## Your objective
Whichever lines of the material contain "Eren", copy each of them.

## Records shown
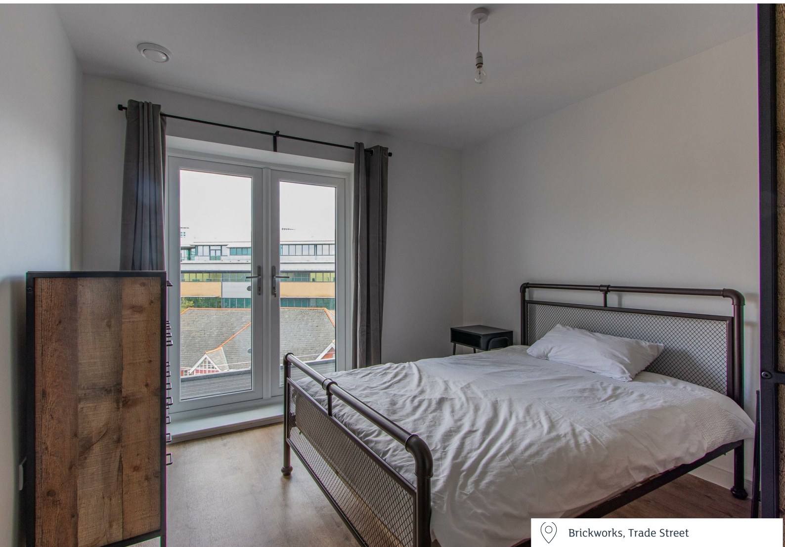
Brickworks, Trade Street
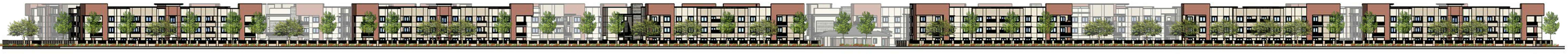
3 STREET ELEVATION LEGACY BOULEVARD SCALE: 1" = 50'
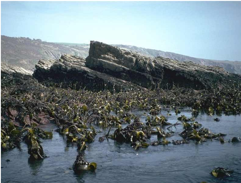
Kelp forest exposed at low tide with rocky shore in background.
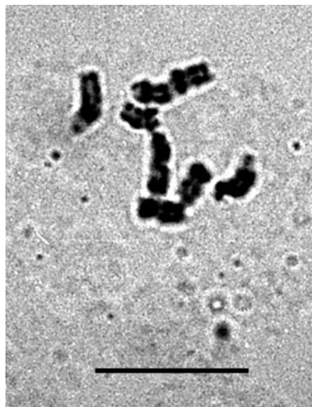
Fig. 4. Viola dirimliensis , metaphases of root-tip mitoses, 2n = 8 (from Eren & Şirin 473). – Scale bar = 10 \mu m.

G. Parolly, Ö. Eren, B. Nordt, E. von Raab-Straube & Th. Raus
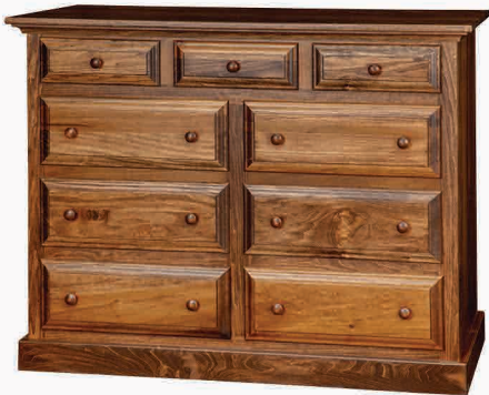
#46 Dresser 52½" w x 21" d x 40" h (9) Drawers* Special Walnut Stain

## Task answer
Fig. 4. Viola dirimliensis , metaphases of root-tip mitoses, 2n = 8 (from Eren & Şirin 473). – Scale bar = 10 \mu m.
G. Parolly, Ö. Eren, B. Nordt, E. von Raab-Straube & Th. Raus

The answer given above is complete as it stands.